Problem to solve |
Exactly as written, retype the listing below, omitting the pictures.

Recorded data |
-- Opening Marker --

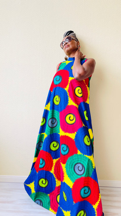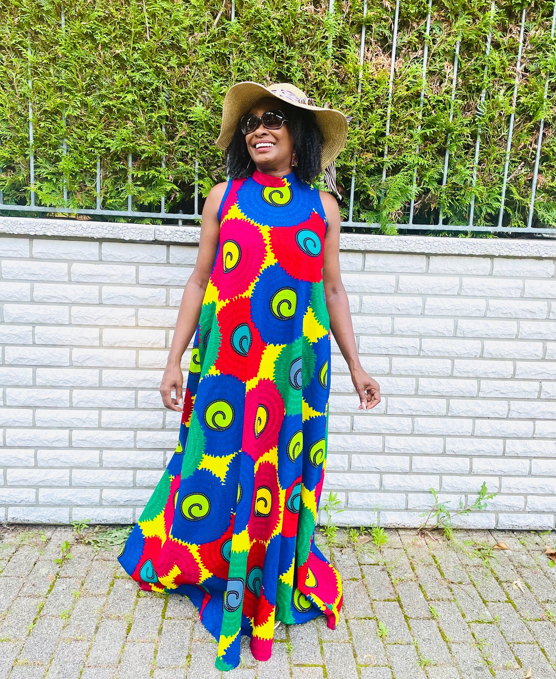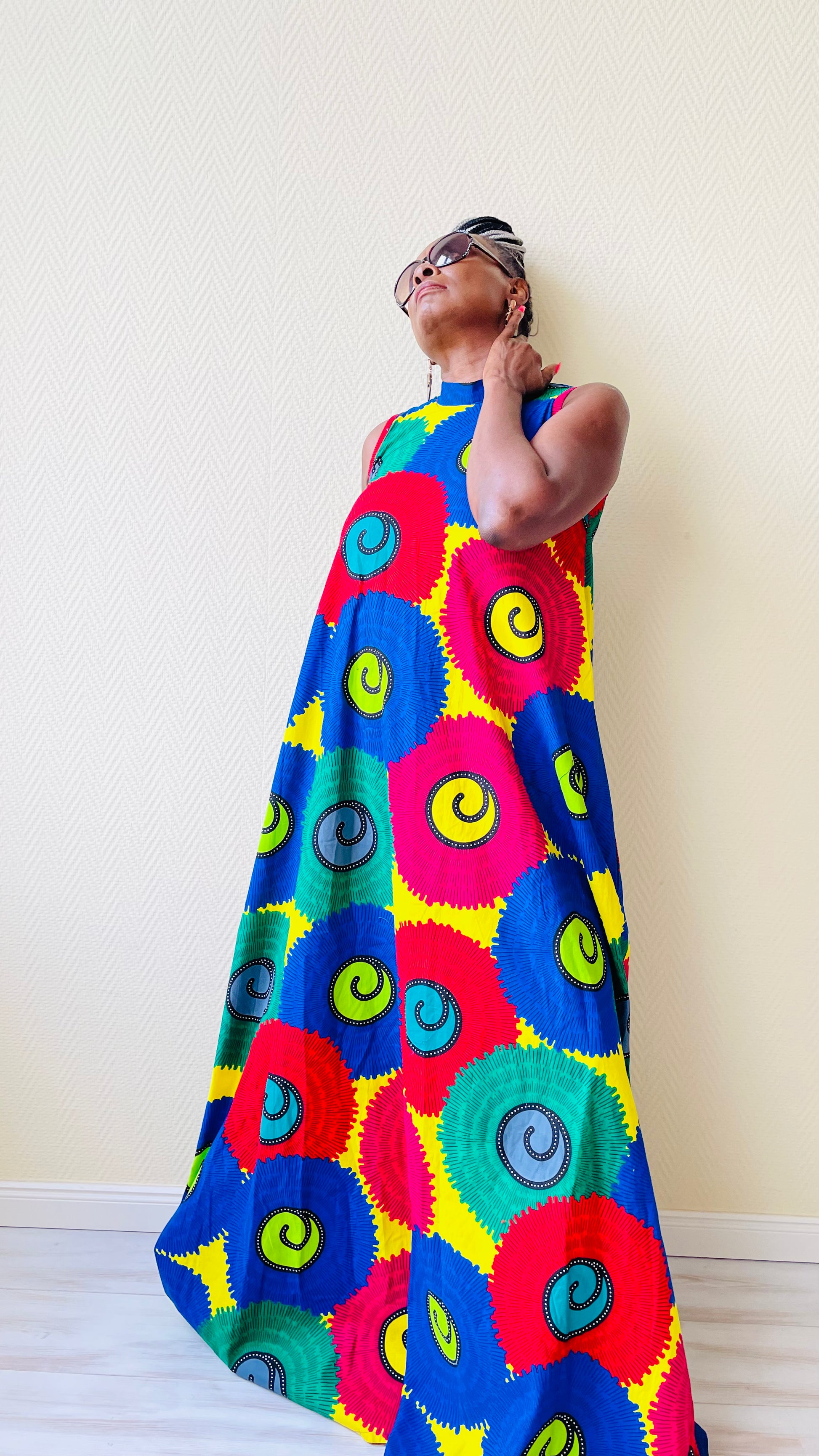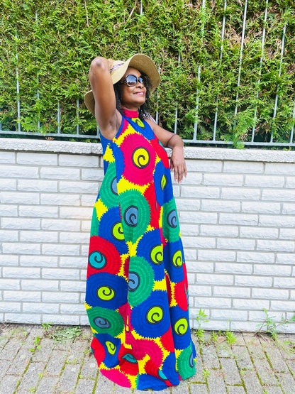 Dance the night away in this comfortable yet beautiful red, blue and green maxi dress. So comfortable and figure-flattering you’d be forgiven for wearing this dress over and over again.
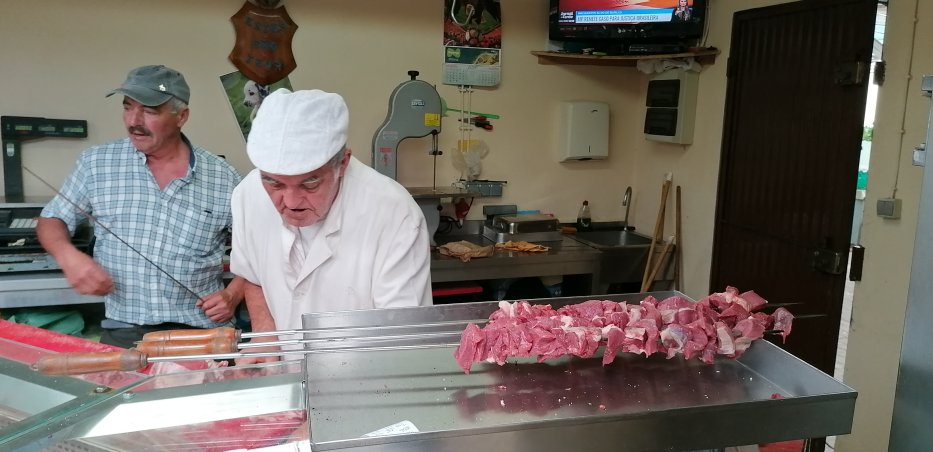 | Die riesigen Fleisch-Spieße sind eine Spezialität. Man kauft sie beim Metzger am Markt und lässt sie im Restaurant neben grillen. |
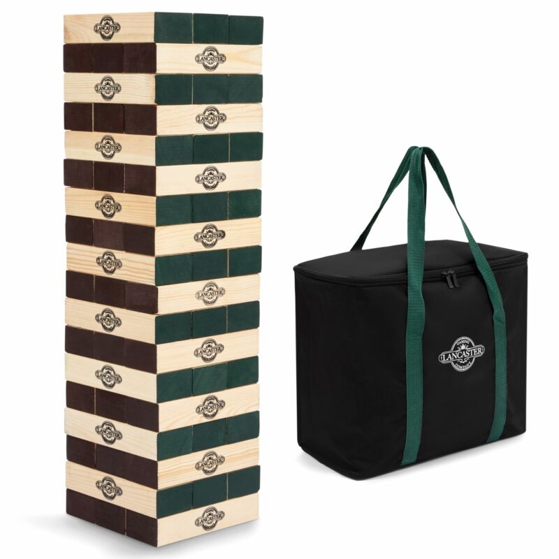 Title (ebay affiliate link): Lancaster Gaming Company Giant Wooden Tumbling Tower Outdoor Game, Black & Pine

-- Closing Marker --

Expected output |
 Dance the night away in this comfortable yet beautiful red, blue and green maxi dress. So comfortable and figure-flattering you’d be forgiven for wearing this dress over and over again.
 | Die riesigen Fleisch-Spieße sind eine Spezialität. Man kauft sie beim Metzger am Markt und lässt sie im Restaurant neben grillen. |
 Title (ebay affiliate link): Lancaster Gaming Company Giant Wooden Tumbling Tower Outdoor Game, Black & Pine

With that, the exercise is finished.